Another pillar of DSS is called ‘Collaborative AI’ and shows the real collaboration character of the platform. Most of the DSS components that have a pure collaboration focus are included. This could include data scientists who write common model components so that they can be reused by non-coders. For data scientists themselves, there are also many useful Collaborative AI components. These include a timeline that provides updates on past activities, as well as automating repetitive Python tasks.
Within DSS, we also find the pillar ‘Model Deployment’, which focuses more on the management and governance of data and models. To this end, DSS provides administrators with various options. On the platform, they can set up rules that determine which data can be used for modelling. It is also possible for them to see which data is used where. That way, everything runs according to the guidelines. This is to comply with the company regulations and the General Data Protection Regulation (GDPR).

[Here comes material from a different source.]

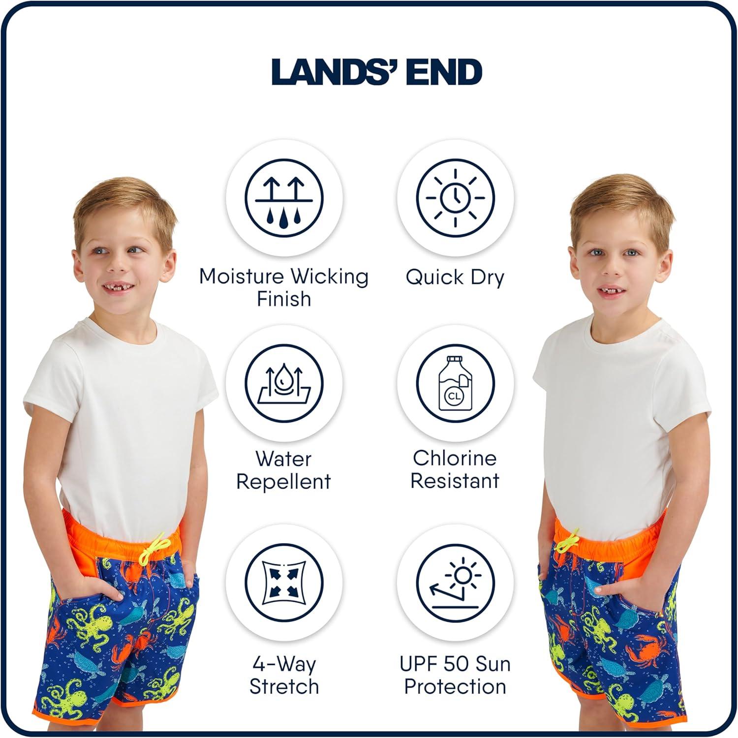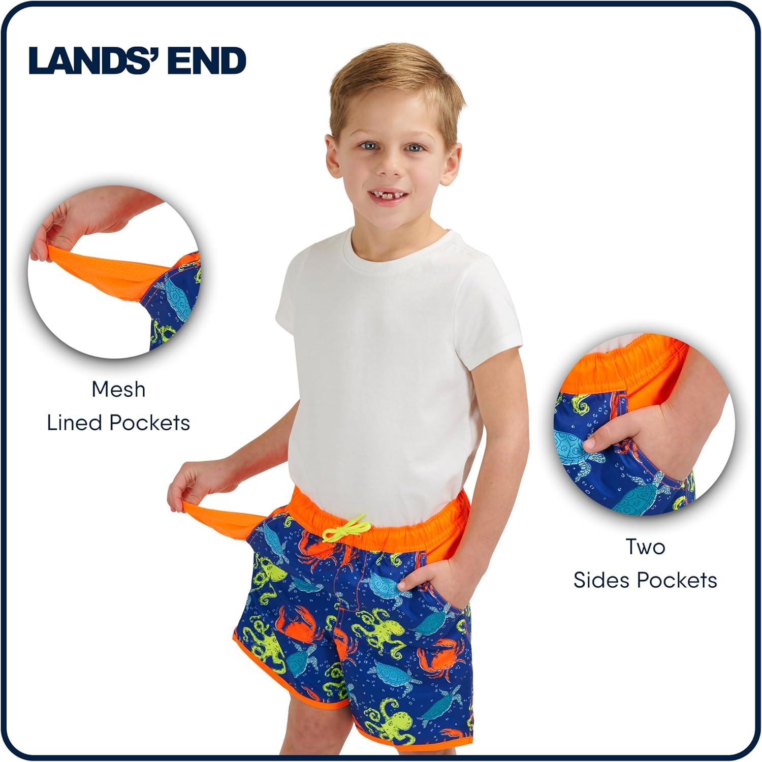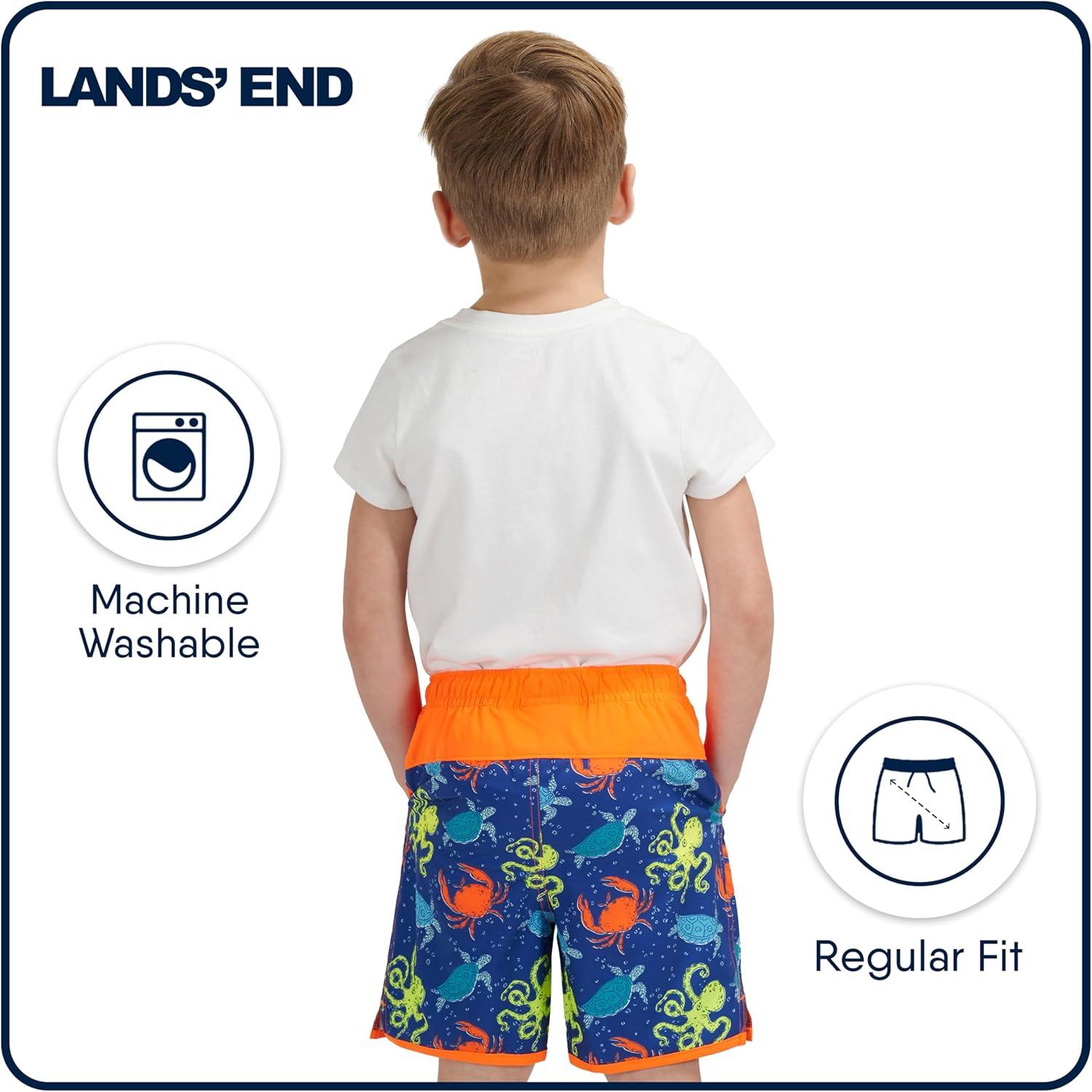 Let your little one make a splash in style and comfort with the Lands' End Boys' Swim Trunks. Designed with the brand's signature focus on both comfort and style, these quick-drying swim shorts are crafted to look good and feel even better. Whether he's building sandcastles on the beach, diving into the pool, or enjoying backyard water fun, these swim trunks provide the perfect blend of functionality and style, ensuring he's ready for any aquatic adventure. Experience premium quality with these chlorine-resistant swim trunks. The lightweight polyester shell and comfortable lining provide a super-soft feel that kids will love, while the stretchable waistband with drawstring ensures a secure and customizable fit. Convenient pockets add a touch of practicality, allowing him to keep small essentials close at hand. These swim trunks aren't just about comfort; they also offer UPF 50 sun protection, shielding him from harmful UV rays and keeping him safe during sunny days. These boys' swim trunks are designed with a regular fit and a 6″ inseam, providing comfortable all-day wear. Available in sizes Small, Medium, Large, and X-Large, they cater to a range of growing boys. For a more relaxed, roomier fit, consider sizing up. And when it's time for cleanup, these low-maintenance swim trunks are machine washable, making laundry a breeze. Simply toss them in the wash, and they'll be ready for their next water adventure. Combining premium quality, sun protection, and effortless care, these Lands' End swim trunks are the perfect choice for boys who love to make a splash.

Both focus on SMEs and enterprises
Finally, there is the pillar that Dataiku calls ‘Enterprise Scaling’. In principle, Dataiku wants to offer a platform that any organization can use, regardless of its size. In this way, it can already provide a nice list of the big names that are already using the platform. Mercedes-Benz, Rabobank, Palo Alto Networks, Ubisoft and Unilever are examples of large organizations already using DSS. Initially, Dataiku’s focus was on the top end of the market, which is still visible in the customer base.
According to Dataiku, however, the platform contains enough functionalities to support SMEs. On more than one occasion, organizations with a few hundred employees have put the platform into use within a few months, after which they have grown over time. This includes some technical expansion. Dataiku supports such an expansion by, for example, making the addition of new nodes relatively simple.
In addition, Dataiku has launched two versions of its platform that are specifically intended for startups, the mid-market and medium-sized companies. Dataiku recognizes that it is mainly the large enterprise organizations that make valuable use of data science. The free version, therefore, offers a number of basic functionalities of DSS, while the ‘lite’ version should be a suitable starting point for smaller companies.
Good basis for further growth
The four core components of the Dataiku platform provide a solid basis for simplifying analytics and AI initiatives. It can be an addition to the data science tools that companies already use. For example, SAS can be used as a data source for DSS, but the platform also supports the integration of the AWS SageMaker engine.
Ultimately, DSS offers many possibilities that promise enough for the further growth of Dataiku. It is clear that the platform solves a problem that many companies are facing, but that Dataiku has not yet reached its full market potential. The company could expand its customer base even further. Therefore, we are curious to see how the product and the business will develop.